Transcribe each line of the records below exactly, excluding any embedded images.
____________________
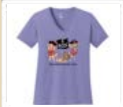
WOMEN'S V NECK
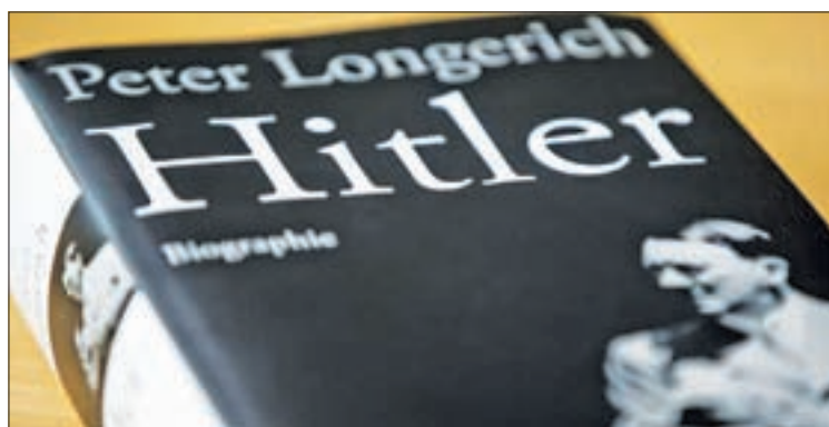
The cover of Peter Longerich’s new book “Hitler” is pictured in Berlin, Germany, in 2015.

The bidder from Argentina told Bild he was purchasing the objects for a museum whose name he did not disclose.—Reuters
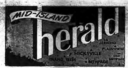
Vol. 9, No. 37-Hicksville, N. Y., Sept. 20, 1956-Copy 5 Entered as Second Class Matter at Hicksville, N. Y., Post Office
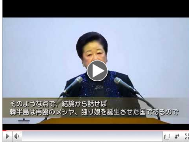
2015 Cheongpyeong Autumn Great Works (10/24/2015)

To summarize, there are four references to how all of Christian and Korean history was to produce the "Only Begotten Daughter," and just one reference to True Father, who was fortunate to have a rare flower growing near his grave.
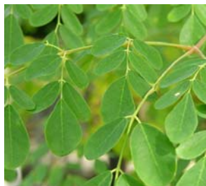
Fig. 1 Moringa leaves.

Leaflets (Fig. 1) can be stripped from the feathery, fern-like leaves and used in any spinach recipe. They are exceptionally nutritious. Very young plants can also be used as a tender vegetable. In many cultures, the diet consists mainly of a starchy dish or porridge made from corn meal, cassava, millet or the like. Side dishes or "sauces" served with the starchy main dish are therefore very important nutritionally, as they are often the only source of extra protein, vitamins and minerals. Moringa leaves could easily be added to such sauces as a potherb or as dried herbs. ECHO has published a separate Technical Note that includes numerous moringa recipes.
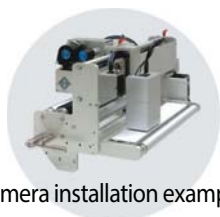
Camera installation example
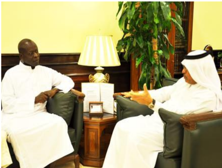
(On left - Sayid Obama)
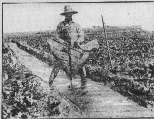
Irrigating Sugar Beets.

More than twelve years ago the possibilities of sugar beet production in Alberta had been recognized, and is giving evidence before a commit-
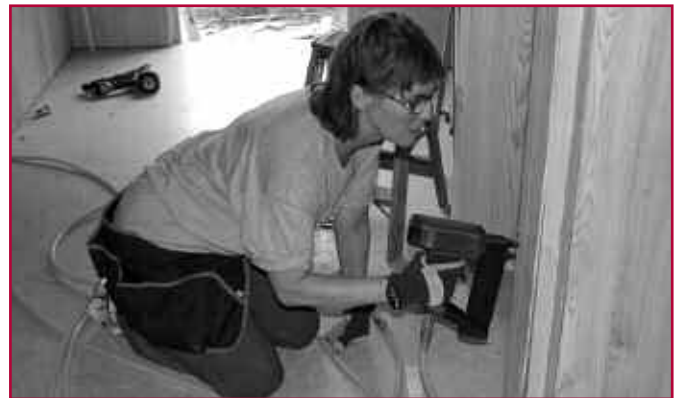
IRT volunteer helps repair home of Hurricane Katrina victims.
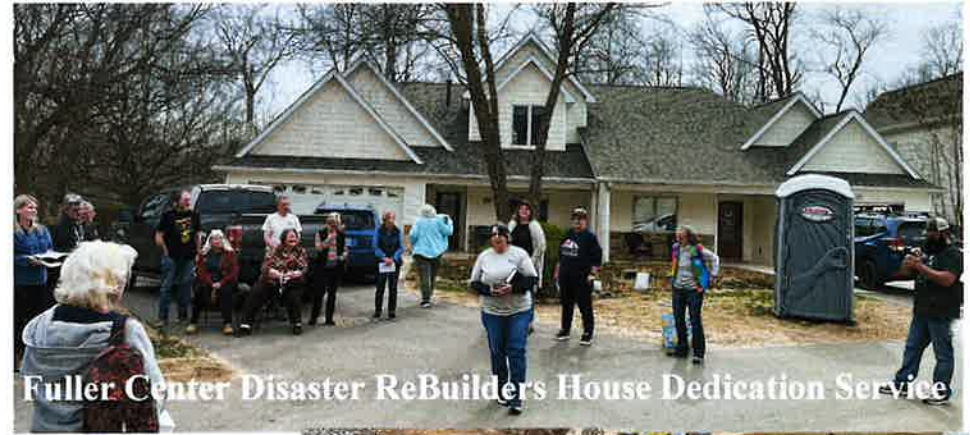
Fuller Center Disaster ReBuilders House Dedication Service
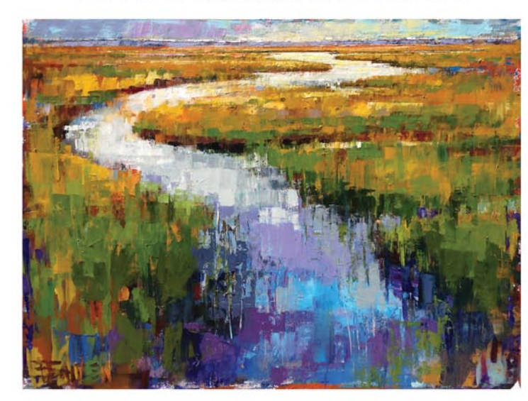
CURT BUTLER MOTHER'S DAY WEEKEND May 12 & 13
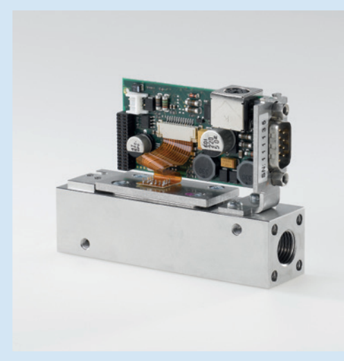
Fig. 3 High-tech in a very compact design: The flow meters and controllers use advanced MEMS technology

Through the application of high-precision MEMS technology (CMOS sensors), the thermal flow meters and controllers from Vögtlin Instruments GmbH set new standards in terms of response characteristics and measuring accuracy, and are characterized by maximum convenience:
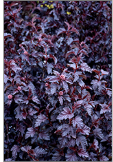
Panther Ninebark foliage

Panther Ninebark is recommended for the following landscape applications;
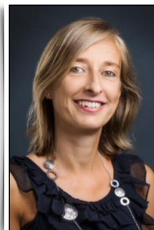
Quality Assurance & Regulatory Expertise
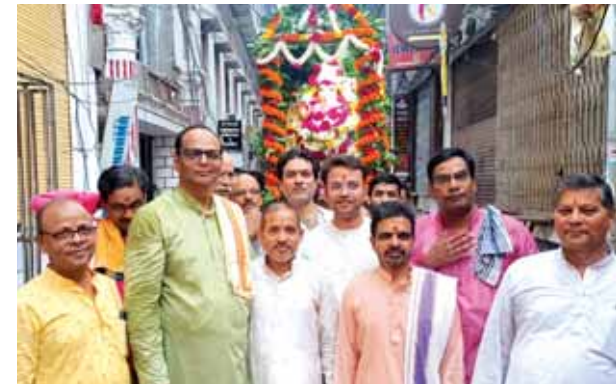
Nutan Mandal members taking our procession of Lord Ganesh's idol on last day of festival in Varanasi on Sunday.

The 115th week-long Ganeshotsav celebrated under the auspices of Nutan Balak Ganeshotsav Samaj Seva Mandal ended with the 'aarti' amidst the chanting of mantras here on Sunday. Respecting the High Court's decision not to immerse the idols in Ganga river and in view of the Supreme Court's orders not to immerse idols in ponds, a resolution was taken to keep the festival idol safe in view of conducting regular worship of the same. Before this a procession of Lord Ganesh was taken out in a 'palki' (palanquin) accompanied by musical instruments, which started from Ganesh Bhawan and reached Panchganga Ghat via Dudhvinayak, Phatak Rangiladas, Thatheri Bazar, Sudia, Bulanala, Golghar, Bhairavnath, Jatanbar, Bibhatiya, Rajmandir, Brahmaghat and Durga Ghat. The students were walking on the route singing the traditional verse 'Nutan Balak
____________________
* [Solution to the exercise]:
WOMEN'S V NECK
The cover of Peter Longerich’s new book “Hitler” is pictured in Berlin, Germany, in 2015.

The bidder from Argentina told Bild he was purchasing the objects for a museum whose name he did not disclose.—Reuters
Vol. 9, No. 37-Hicksville, N. Y., Sept. 20, 1956-Copy 5 Entered as Second Class Matter at Hicksville, N. Y., Post Office
2015 Cheongpyeong Autumn Great Works (10/24/2015)

To summarize, there are four references to how all of Christian and Korean history was to produce the "Only Begotten Daughter," and just one reference to True Father, who was fortunate to have a rare flower growing near his grave.
Fig. 1 Moringa leaves.

Leaflets (Fig. 1) can be stripped from the feathery, fern-like leaves and used in any spinach recipe. They are exceptionally nutritious. Very young plants can also be used as a tender vegetable. In many cultures, the diet consists mainly of a starchy dish or porridge made from corn meal, cassava, millet or the like. Side dishes or "sauces" served with the starchy main dish are therefore very important nutritionally, as they are often the only source of extra protein, vitamins and minerals. Moringa leaves could easily be added to such sauces as a potherb or as dried herbs. ECHO has published a separate Technical Note that includes numerous moringa recipes.
Camera installation example
(On left - Sayid Obama)
Irrigating Sugar Beets.

More than twelve years ago the possibilities of sugar beet production in Alberta had been recognized, and is giving evidence before a commit-
IRT volunteer helps repair home of Hurricane Katrina victims.
Fuller Center Disaster ReBuilders House Dedication Service
CURT BUTLER MOTHER'S DAY WEEKEND May 12 & 13
Fig. 3 High-tech in a very compact design: The flow meters and controllers use advanced MEMS technology

Through the application of high-precision MEMS technology (CMOS sensors), the thermal flow meters and controllers from Vögtlin Instruments GmbH set new standards in terms of response characteristics and measuring accuracy, and are characterized by maximum convenience:
Panther Ninebark foliage

Panther Ninebark is recommended for the following landscape applications;
Quality Assurance & Regulatory Expertise
Nutan Mandal members taking our procession of Lord Ganesh's idol on last day of festival in Varanasi on Sunday.

The 115th week-long Ganeshotsav celebrated under the auspices of Nutan Balak Ganeshotsav Samaj Seva Mandal ended with the 'aarti' amidst the chanting of mantras here on Sunday. Respecting the High Court's decision not to immerse the idols in Ganga river and in view of the Supreme Court's orders not to immerse idols in ponds, a resolution was taken to keep the festival idol safe in view of conducting regular worship of the same. Before this a procession of Lord Ganesh was taken out in a 'palki' (palanquin) accompanied by musical instruments, which started from Ganesh Bhawan and reached Panchganga Ghat via Dudhvinayak, Phatak Rangiladas, Thatheri Bazar, Sudia, Bulanala, Golghar, Bhairavnath, Jatanbar, Bibhatiya, Rajmandir, Brahmaghat and Durga Ghat. The students were walking on the route singing the traditional verse 'Nutan Balak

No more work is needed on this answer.